*Available data:*
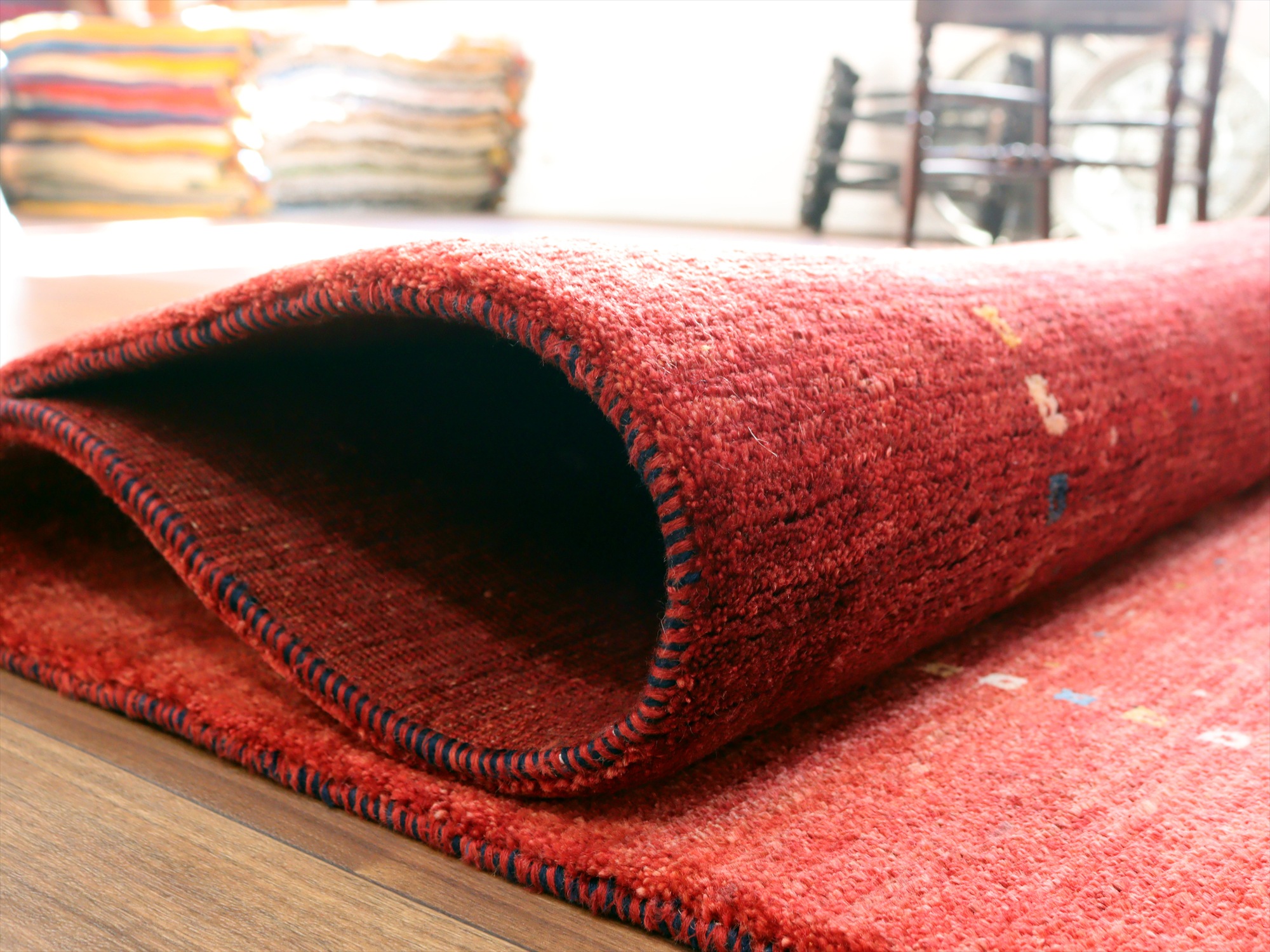 特に仕上げの行程は丁寧で、上下の縦糸をキリムを織り足して巻き込んでからロックしていたり、クシで丁寧にかき出してあるため遊び毛もほとんど出てこないなど、とても手のかかった仕上げです。
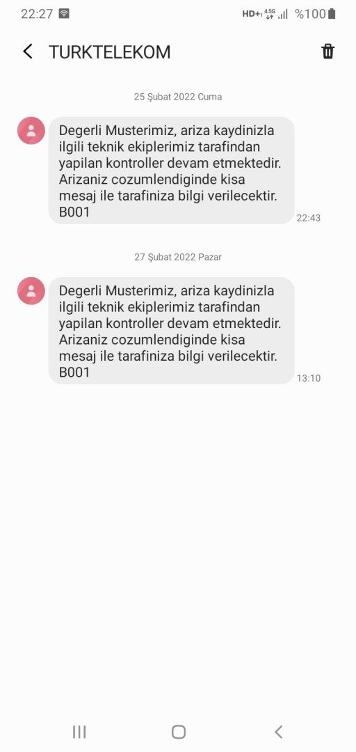 Türk Telekom resmen beni oyalatıyor. Sokaktaki kabloların çalışmasında ben sorumlu değilim. Ben hizmet almak istiyorum. 11 gündür İnternet yok. Kısıtlı kısıtlı mobil verinden avutmaya çalışıyorum o da nereye kadar? Bir de üstünde kotalı şimdi bitse ne olacak? Bir de utanmadan kaç gün sonra faturada yollayacaklar, kullanmadığım İnternet parası alacaklar. Rezillik resmen! Beni arıyorlar, 30 Nisanda yapılacakmış 11 artı 30 eşittir 41 gün ediyor insanı bir kablo bu kadar mı uzun sürüyor? Mağdur etmeye ne hakkınız var? Kablo yoksa sipariş et o kabloları yüksek yere at önlemini al. Hırsızların ekmeğine yağ sürüyorsun, bir de çıkıp büyüdük böyle olduk şöyle olduk diye övünürler. Kardeşim yıl olmuş 2022 yahu direklerden İnternet almaya çalışıyoruz. Fiber optik yapsana. Saha dolabı olsa hırsız çalamaz kilitlersin olur biter. Resmen diyorsun hırsız gel çal. Hayatımda böyle bir şey görmedim. Sorumsuzluk, ne desen var. 11 gündür bu mesajları atıp duruyorlar hepsini sildim. Mesaj atıyorlar başka bir şey yok.
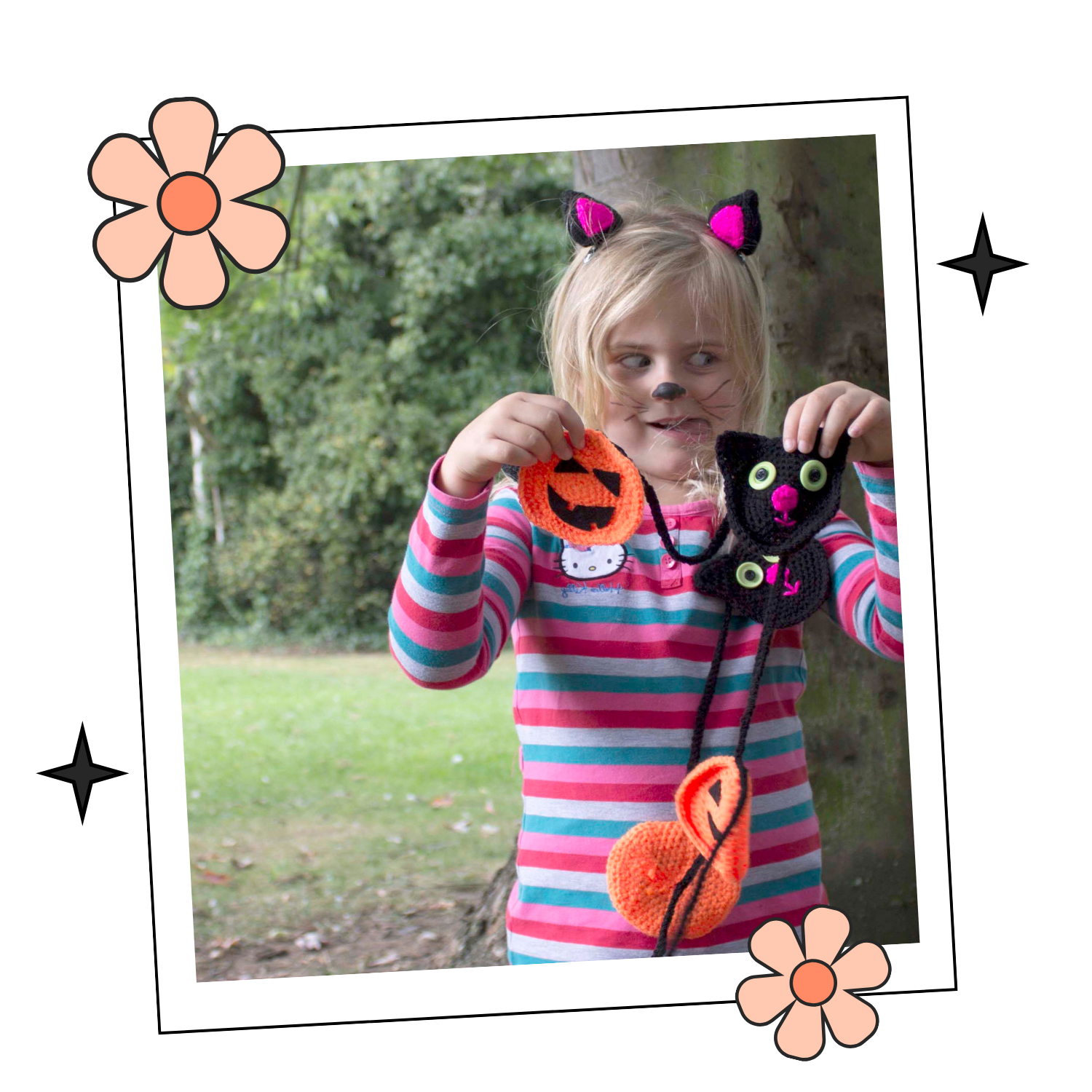 Crochet up lots of black cats and bright pumpkins to make a colourful garland. Just perfect for parties, or hang it over your door to make trick or treaters’ smile.

*Task requirements:*
Print the whole listing exactly. No pictures belong in the copy.

*Task response:*
 特に仕上げの行程は丁寧で、上下の縦糸をキリムを織り足して巻き込んでからロックしていたり、クシで丁寧にかき出してあるため遊び毛もほとんど出てこないなど、とても手のかかった仕上げです。
 Türk Telekom resmen beni oyalatıyor. Sokaktaki kabloların çalışmasında ben sorumlu değilim. Ben hizmet almak istiyorum. 11 gündür İnternet yok. Kısıtlı kısıtlı mobil verinden avutmaya çalışıyorum o da nereye kadar? Bir de üstünde kotalı şimdi bitse ne olacak? Bir de utanmadan kaç gün sonra faturada yollayacaklar, kullanmadığım İnternet parası alacaklar. Rezillik resmen! Beni arıyorlar, 30 Nisanda yapılacakmış 11 artı 30 eşittir 41 gün ediyor insanı bir kablo bu kadar mı uzun sürüyor? Mağdur etmeye ne hakkınız var? Kablo yoksa sipariş et o kabloları yüksek yere at önlemini al. Hırsızların ekmeğine yağ sürüyorsun, bir de çıkıp büyüdük böyle olduk şöyle olduk diye övünürler. Kardeşim yıl olmuş 2022 yahu direklerden İnternet almaya çalışıyoruz. Fiber optik yapsana. Saha dolabı olsa hırsız çalamaz kilitlersin olur biter. Resmen diyorsun hırsız gel çal. Hayatımda böyle bir şey görmedim. Sorumsuzluk, ne desen var. 11 gündür bu mesajları atıp duruyorlar hepsini sildim. Mesaj atıyorlar başka bir şey yok.
 Crochet up lots of black cats and bright pumpkins to make a colourful garland. Just perfect for parties, or hang it over your door to make trick or treaters’ smile.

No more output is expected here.